City Manager's Blog

Steve Pinkerton has been the City Manager of Manteca since June 16, 2008. He served as Redevelopment Director for the City of Stockton, California from 1994 to 2008. He has also worked for the cities of Long Beach and Redondo Beach. Born in Wisconsin, Mr. Pinkerton has a Master’s degree in Urban Planning and and a Master's Degree in Economics from the University of Southern California, and Bachelor’s degrees in Economics and Geography from the University of Missouri.

Tuesday, June 30, 2009

Jobs/Housing Imbalance

Since 1980, the east bay cities of Livermore, Dublin and Pleasanton have been one of the epicenters of job creation for not only the bay area, but the entire country. Much of the early employment boom can be attributed directly to Lawrence Livermore Laboratory which created a great pool of highly educated workers in the Livermore Valley. With this base of skilled workers, hundreds of large and small companies were attracted to the area along with many startup companies created by the skilled workforce already residing in the area

Millions of square feet of office and light industrial space was built to house the many employers. Some housing was also built, but not nearly enough to accomodate the huge influx of highly paid workers. The early entrants to the region wanted to preserve the bucolic lifestyle of the area. Due to the nature of local government finance, commercial development--which generates far more revenue than expenditures--was encouraged while service intensive residential development was discouraged through growth limits and sky high development impact fees.

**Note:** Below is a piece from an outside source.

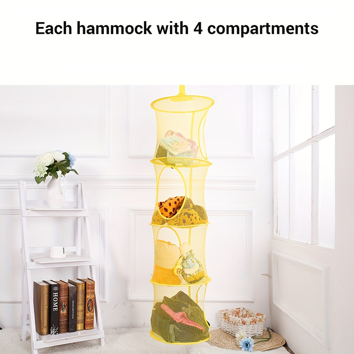 Дышащий сетчатый органайзер для хранения с 4 ярусами для мягких игрушек, перчаток, шляп и носок | Подвесная корзина с складной сушилкой для детской и спальни | Идеальный подарок для Рождества, Дня святого Валентина и дней рождения

Consequently, much of the region's population growth was exported to east Contra Costa County and San Joaquin County. This exportation has been particularly acute over the past decade. In 1980, there were 97,005 residents living in Pleasanton, Livermore and Dublin. The three cities that have seen the greatest import of commuters (Manteca, Tracy and Brentwood) had a total population of 47,787. During the 1980s, the three job centers added a total of 33,518 residents while the commuter destinations (mostly Tracy and Manteca) added 34,107. During the 1990s, the population growth began to skew greatly to the east with the three job centers adding 36,449 residents and the commuter cities 47,595. Over the past nine years, the commuter towns have added over twice as many residents with a population increase of 71,887 versus 35,456.

In fact, the commuter towns now have nearly as many residents (201,376) as the job cities (202,428). Since 1990, Brentwood has been particularly impacted with its population increasing from 7,563 to 51,908. Most of this increase is due to Livermore's refusal to develop homes in the area north of the 580 freeway. It is just cruel that tens of thousands of Brentwood residents have to navigate narrow and dangerous Vasco Road every day for an hour with the last ten minutes of the commute going through vacant north Livermore land that could have housed every recent resident of Brentwood.

The social cost of requiring all of these commuters to spend most of the time on the road instead of with their families is incalcuable. Our state government, who allowed these cities to ignore their housing needs, has instead paid for billions of dollars in freeway improvements and schools which require huge ongoing subsidies. Our air quality has also suffered from the clogged freeways stretching from the east bay to deep into the valley. Thousands of acres of prime farmland has been gobbled up in order to save marginally useable land in the Livermore Valley.

So where am I going with all of this? Well, it looks like the state is beginning to take steps to address this imbalance. I believe that if there were a level playing field, we'd have a better chance of attracting jobs to the valley. Right now, the job centers collect over twice as much tax revenue per resident due to the huge amount of commercial development in their cities. This revenue advantage allows them to have the funds on hand to attract additional development without impacting their resident's tax bill. In other words, the current situation allows the rich to get richer. Here in the Valley, we are forced to either provide less services or tax our residents more to keep up our quality of life. We simply don't have the resources to compete many times for the high wage jobs.

In any case, a recent article in the "Pleasanton Weekly" gave me some hope. The article, which is mostly discussing a proposed upscale senior housing development, notes the following:

The city is currently under fire for its housing cap, with a lawsuit pending to invalidate it. Just hours before the Planning Commission meeting, California Attorney General Jerry Brown announced he was joining a San Francisco affordable housing coalition in the legal fight, which was filed in 2006.

"Pleasanton's draconian and illegal limit on new housing forces people to commute long distances, adding to the bumper to bumper traffic along (Interstates) 580 and 680 and increasing dangerous air pollution," Brown said in a statement. "It's time for Pleasanton to balance its housing and its jobs and take full advantage of its underutilized land and proximity to BART."

Click here for the entire article. The reader comments are worth reading as they show the anti-growth bent of many east bay residents.

A number of us have been pushing the Attorney General to stop picking on Central Valley planning practices and focus on the genesis of our growth challenges--i.e. the east bay growth policies. Let's hope that this is the beginning of a new day when Valley cities can start competing on a more level playing field. It is up to the state to finally put its money where its mouth is, and force all cities to create a jobs/housing balance.